What are the potential limitations or drawbacks of the optimistic best response approach used by the follower, and how could alternative strategies be incorporated

The optimistic best response approach used by the follower may have potential limitations or drawbacks in certain situations. One limitation is that the optimistic approach assumes that the follower always makes decisions that maximize their immediate reward, which may not always align with long-term strategic goals or overall system optimization. This can lead to suboptimal outcomes in the long run, especially in complex and dynamic supply chain environments where decisions are interconnected and have ripple effects. To address this limitation, alternative strategies could be incorporated into the algorithm to provide a more balanced approach to decision-making. For example, a risk-averse strategy could be implemented to account for uncertainty and variability in demand, ensuring more stable and consistent performance over time. Additionally, a strategic planning component could be integrated to enable the follower to consider the impact of their decisions on the overall supply chain performance and make choices that benefit the system as a whole. By incorporating a mix of optimistic, risk-averse, and strategic decision-making approaches, the algorithm can achieve a more robust and adaptive behavior that balances short-term gains with long-term sustainability and efficiency in the supply chain.

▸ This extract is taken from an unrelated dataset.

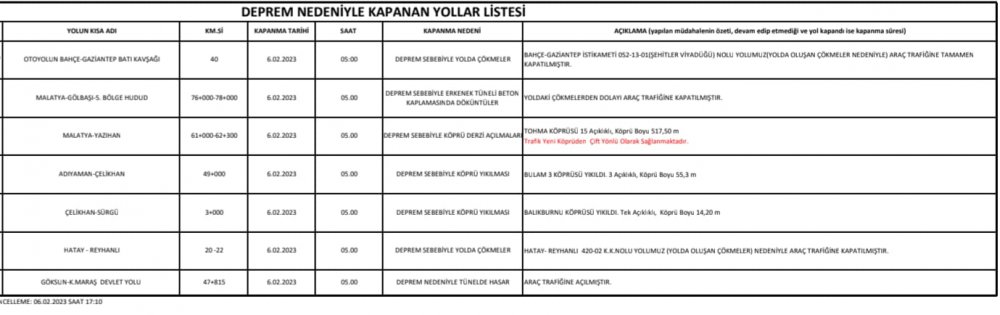 Karayolları Genel Müdürlüğünün yol durumu bülteni ve sosyal medya hesabından yapılan paylaşımlara göre, TAG Otoyolu'nun Osmaniye-Gaziantep Batı Kavşağı'nda deprem nedeniyle otoyol gövdesinde oluşan hasardan dolayı yol ulaşıma kapatıldı. Bu kesimde sürücüler D-400 Devlet yoluna yönlendiriliyor.

Given the focus on regret minimization, how could the framework be adapted to also consider other performance metrics, such as social welfare or fairness, in the supply chain competition

To adapt the framework to consider other performance metrics such as social welfare or fairness in the supply chain competition, additional objectives and constraints can be incorporated into the algorithm. This can involve modifying the reward functions to include terms that capture social welfare considerations, such as the impact on stakeholders, communities, or the environment. By optimizing for a combination of profit, social welfare, and fairness, the algorithm can promote more sustainable and ethical decision-making in the supply chain. Furthermore, fairness constraints can be introduced to ensure equitable outcomes for all parties involved in the supply chain competition. This can involve incorporating fairness metrics, such as distributional fairness or equality of opportunity, into the optimization process to prevent biases or disparities in decision-making. By expanding the framework to consider a broader set of performance metrics and incorporating fairness and social welfare considerations, the algorithm can promote more responsible and inclusive supply chain practices that benefit not only the individual firms but also society as a whole.